In those spots, where the path is parallel to the X axis and tangent to the maximum and minimum Y axis travel, the Y axis is not moving, so its acceleration (or lack thereof) doesn’t affect the trajectory.

Given the overall size of your laser, it may not be possible to reduce the backlash below that fraction of a millimeter. Snugging the setscrews anchoring the Y axis pulley to the motor may help, but they’re probably already tight enough.

LightBurn can hide some of the backlash, but it’s not a cure-all and will certainly increase the job run time:

It is not “backlash” exactly. It’s not a dead space when you change directions, backlash would be from gear meshing and, yes, a loose pulley. This is stretch in the belts (and possibly torsion in the loooooong connecting rod linking the two Y sides).

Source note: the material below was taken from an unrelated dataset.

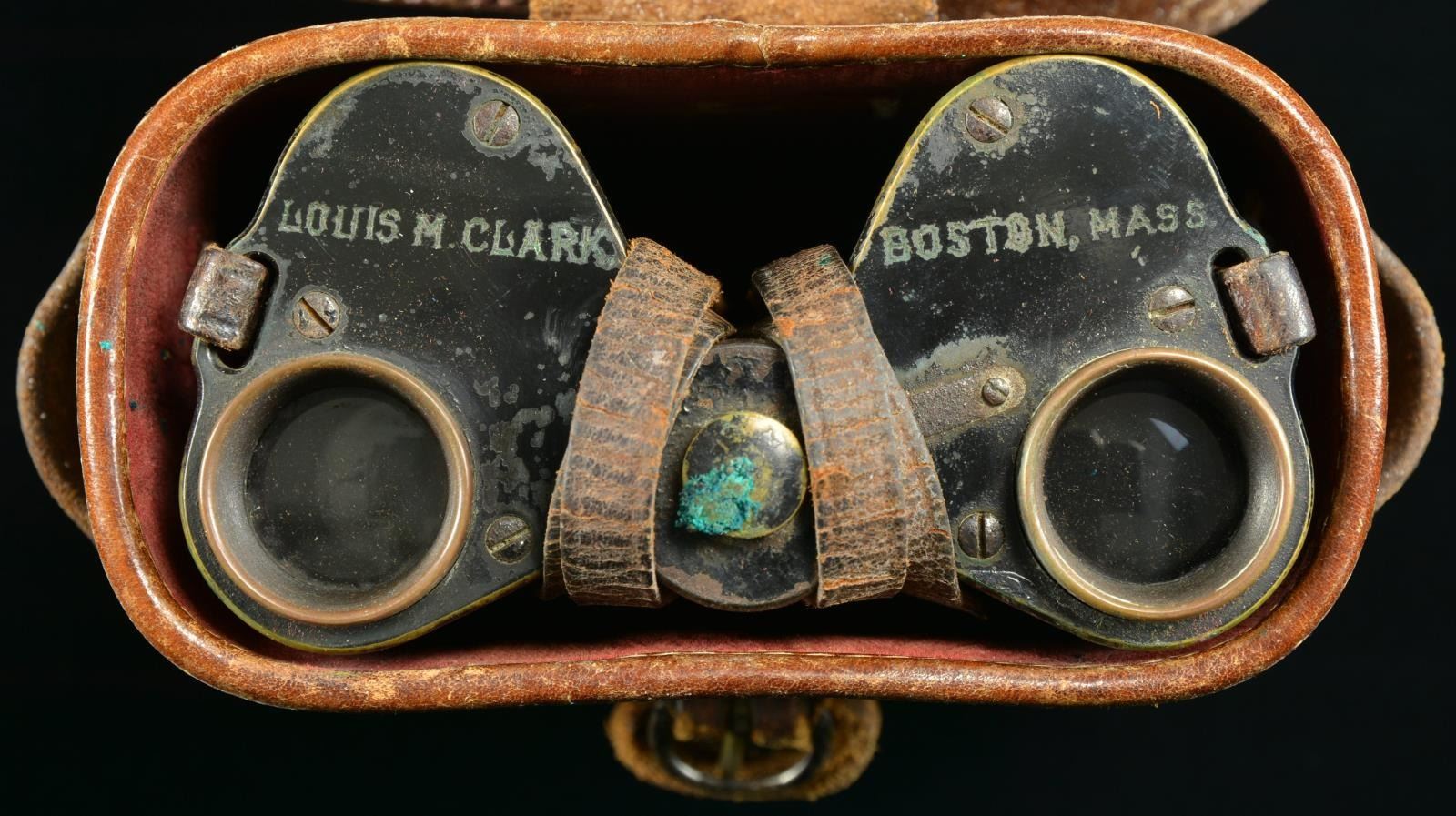 This interesting group includes 1 pair of Civil War era binoculars with “LEMAIRE FABI PARIS” written around the eyepieces. / 1 Pair of brass bodies French binoculars marked “N FRANCE (deer head) U.S.N. NO543”. This pair of binoculars is of an early style and likely dates prior to 1900. / 1 Pair of circa 1890 binoculars with a leather cover over brass and German silver. Binoculars are marked “MADE IN FRANCE”. / 1 Pair of German binoculars in original carrying case. Binoculars are black painted metal with a textured covering. They are marked on the crosspiece “HENSOLDT WETZLAB 38850 Jagd—Dialyt 7X42”. / 1 Small pair of binoculars in their original russet leather case. Binoculars are marked “LOUIS M. CLARKE BOSTON, MASS.” & “8 POWER. Bausch & Lamb Optical Co. New York. Rochester, N.Y. Chicago.” There is a paper tag identifying the owner of these as Andrew H. Addoms who graduated from the Naval Academy in 1914, was a Lieutenant on a sub-chaser in WWI, served on a gun boat in China and was a Captain in WWII. / 1 Pair of circa 1890-1915 binoculars marked on the crosspiece “VERDI PARIS”. Binoculars are housed in their original case. / 1 Pair of circa 1890 binoculars with a leather cover over metal. Binoculars are marked “MADE IN FRANCE” on the crosspiece and the eyecups are marked “SPORTIER PARIS” & “DAY & NIGHT GLASS”. Binoculars are housed in their original case with detached lid. / 1 Pair of US Military binoculars marked “BINOCULAR M1381 6X30” & “THIS INSTRUMENT HAS COATED OPTICS CLEAN LENSES CAREFULLY”. Binoculars have their original carrying case marked “CASE, CARRYING, M17.” CONDITION: binoculars show light to moderate wear on some of the earlier examples. Generally the optics seem fine but have not been cleaned or inspected. (02-17943/BF). $700-900.

Backlash compensation will not help this.

Of course it can never be zero.

But this is all about acceleration, not velocity. The stretch happens upon accel. At constant velocity there is no stretch. Again, we can turn down accel, but that limits performance everywhere.

Accel in the Y axis is highest on the top and bottom edges, even though the Y velocity is zero there.

Putting the stop point on the left or right side means the Y axis accel is zero there. There’s less bounce.

It’d be interesting to characterize that with a square pattern along the X axis:

Backlash - offset test pattern

The center sections should all line up, regardless of whether the beam approaches from Y+ or Y-. Running at different speeds & accelerations could identify offset / overshoot as the Y axis velocity ramps up and down at the corners.

You’d need a much larger version to reach full speed, because a few millimeters will cramp your machine’s style something fierce!

Similarly, turn it 90° to see what happens along the X axis.